Other forms of writing on zombies expose humanity’s tendency to shoot itself in its collective foot, like Tufts professor Daniel Drezner’s book Theories of International Politics and Zombies, which highlights the weaknesses of different kinds of government when responding to a zombie outbreak.

Schlozman’s fascination comes down to what our zombie stories say about our brains, both when zombified and when trying to work out how to escape them. “We have these great big brains, and in every zombie film, we fail to use these brains.” After Schlozman’s wife was diagnosed with breast cancer, he found himself often unable to sleep, watching late night television as a way to relax. When Night of the Living Dead was playing one night, it spurred him to write a fake medical paper about what a zombie brain would be like, which was then turned into a book with a cult following. For Schlozman, this kind of dilemma was too fun to ignore – as he says, “you can’t be a brain doctor, see a zombie (especially the slow moving ones) and not think about the brain”. As for survival, Schlozman is almost philosophical – “Homer survived as a blind poet in pretty barbaric times,” Schlozman says. “I’d say that means we humans need more than ammunition and baked beans.”
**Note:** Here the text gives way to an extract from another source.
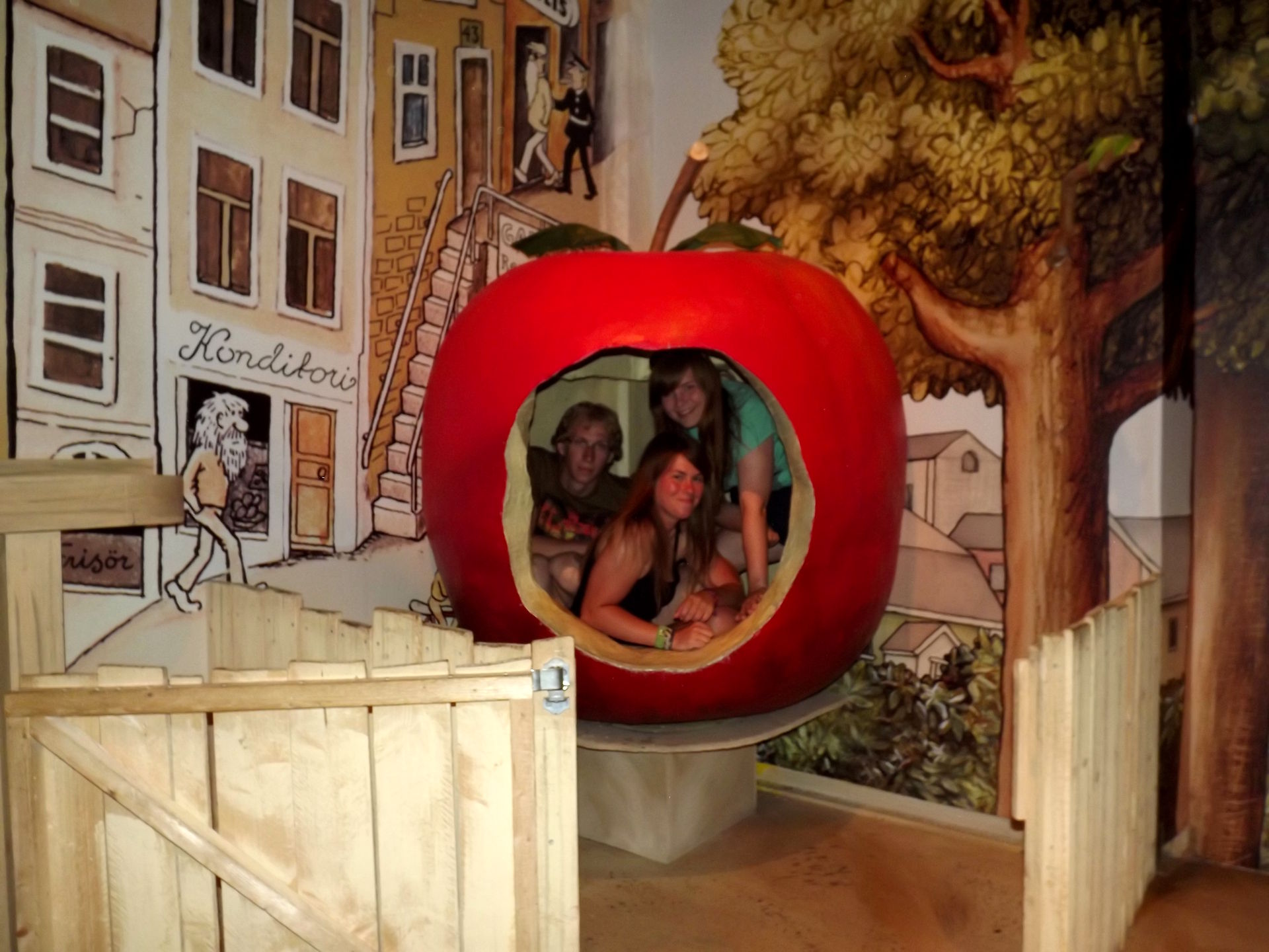 Junibacken ist eigentlich für ganz kleine Kinder ausgelegt, denn im Grunde ist es ein sehr gut thematisierter Indoor Spielplatz mit Geschichten von Astrid Lindgren. Der Eintritt war umgerechnet etwa ca. 12 und beinhaltet ein Ticket für den Sagotåget (Geschichts-Zug), aber dazu später mehr. Erst einmal haben wir uns das Kinderparadies näher angesehen.

With all this work being done on the living dead, it might seem that the members of the ZRS are enthusiastic about the prospects of a zombie outbreak. Should we start hoarding food and invest in an underground bunker somewhere in North Wales?

“Zombies feel so much more relevant and even potent as well as useful as a metaphor,” Schlozman says. “When you make them real, they’re a nightmare.” Besides, as Schlozman points out, there are “all sorts of more boring and frankly more dangerous ways to do ourselves in than a zombie outbreak”.